Des bulles et des balles

L’un des psychopathes les plus populaires du cinéma provient de l’univers de la bande dessinée, et plus précisément du comics. Il s’agit évidemment du Joker, qui est mis en scène dans bien des sorties de DC comics. Killing Joke, écrit par Alan Moore, est un immanquable en la matière, mettant en scène un duel à mort entre Batman et le Joker, dont la relation fascinante se déploie au fil des coups, le premier tentant d’épargner le second, et le second cherchant à pousser à bout le premier. Et pour découvrir le meilleur du Joker, la sortie récente de Joker: Anthologie constituera quelques heures de lecture perturbantes, au travers de 18 récits sélectionnés au travers de la chronologie du personnage.

Killing Joke d'Aman Moore et Brian Bolland.
Killing Joke d’Aman Moore et Brian Bolland.© DC Comics

Retour en contrée franco-belge avec Le Tueur de Matz et Luc Jacamon, une histoire qui dépeint le quotidien d’un tueur professionnel dénué d’états d’âme et de remords. Au fil des contrats, sa personnalité atypique et sa vision tranchante de la société et de la vie se dévoile aux yeux du lecteur, qui s’attache profondément à ce personnage qui tue pourtant sans pitié pour gagner sa vie. Dessins efficaces et scénario bien ficelé maintiennent un rythme haletant au fil des tomes.

Direction l’Asie avec le manga Monster de Naoki Urasawa. Kenzô Tenma, un jeune neurochirurgien aux talents uniques et à l’avenir prometteur, y voit sa vie basculer le jour où il prend la décision de faire passer un enfant gravement blessé avant un personnage politique important, lui aussi dans un état critique et admit à l’hôpital après l’enfant. Alors que le maire décède, l’enfant est sauvé et disparaît.
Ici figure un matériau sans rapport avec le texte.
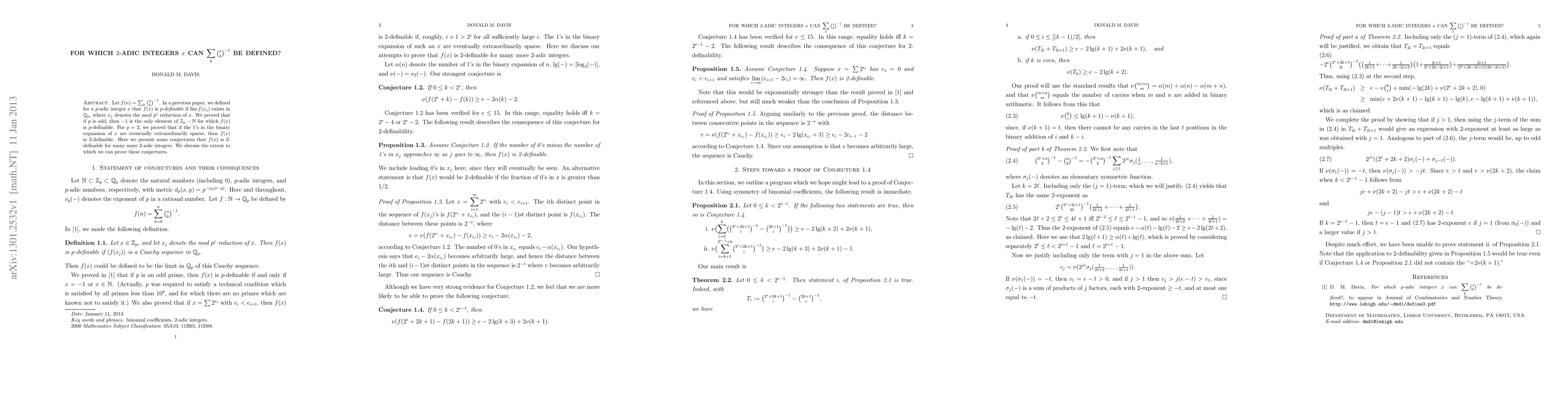 Let $f(n)=\sum_k \binom nk^{-1}$. In a previous paper, we defined for a p-adic integer x that f(x) is p-definable if lim $f(x_j)$ exists in $Q_p$, where $x_j$ denotes the mod $p^j$ reduction of $x$. We proved that if p is odd, then -1 is the only element of $Z_p-N$ for which f(x) is p-definable. For p=2, we proved that if the 1's in the binary expansion of x are eventually extraordinarily sparse, then f(x) is 2-definable. Here we present some conjectures that f(x) is 2-definable for many more 2-adic integers. We discuss the extent to which we can prove these conjectures.
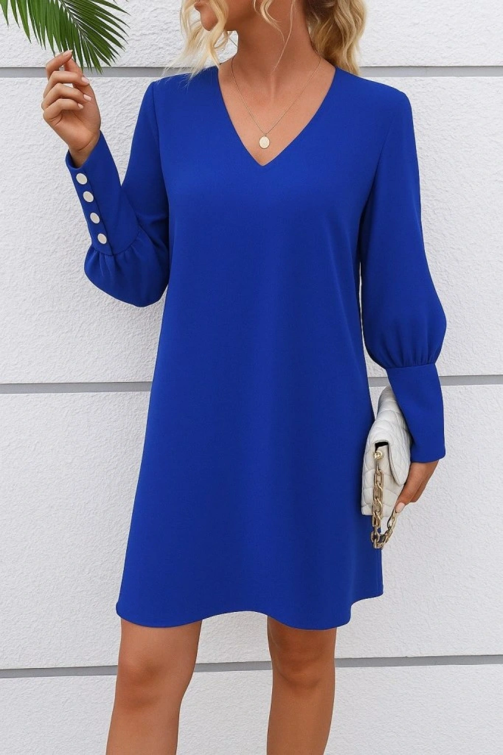 Kadın Uzun Kollu V Yakalı Kısa Ithal Krep Elbise
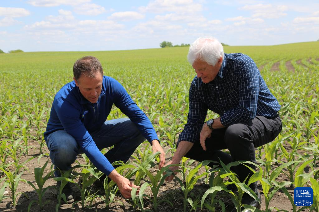 5月23日,在美國艾奧瓦州,艾奧瓦州大豆協(xié)會市場部高級主任格蘭特·金伯利(左)和他的父親瑞克·金伯利查看種植的玉米。新華社記者 劉亞南 攝
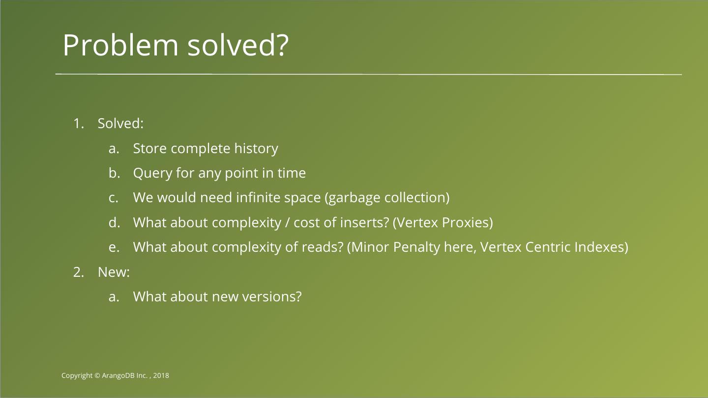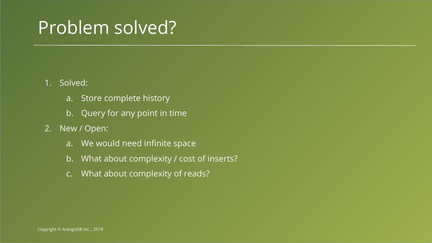 29 .Problem solved? 1. Solved: a. Store complete history b. Query for any point in time 2. New / Open: a. We would need infinite space b. What about complexity / cost of inserts? c. What about complexity of reads? Copyright © ArangoDB Inc. , 2018
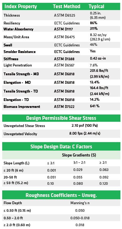 The SC150BN shall meet Type 3.B specification requirements established by the Erosion Control Technology Council (ECTC) and Federal Highway Administration’s (FHWA) FP-03 Section 713.17.
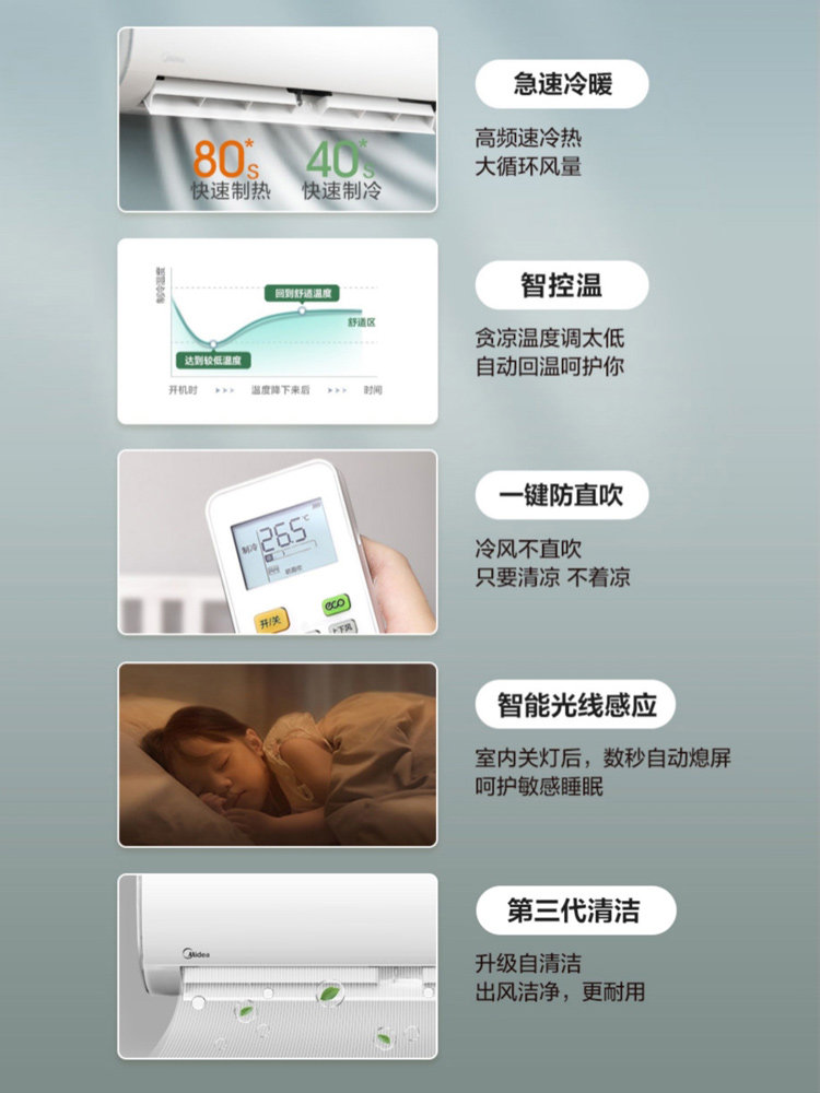 Midea calm star air conditioner 2 hp wall-mounted air conditioner inverter heating and cooling dual-use power saving living room household commercial wall-mounted PC400

Neuf ans plus tard, Tenma est nommé Chef de Service, suite au décès de plusieurs de ses collègues. Alors qu’une enquête est ouverte pour déterminer si Tenma est coupable de ces morts brutales, ce dernier est décidé à prouver son innocence et commence à mener l’enquête . il découvre alors rapidement que le meurtrier n’est autre que l’enfant qu’il a sauvé. Une longue traque, à travers l’Allemagne et sur fond de psychologie et d’une trame complexe, commence alors.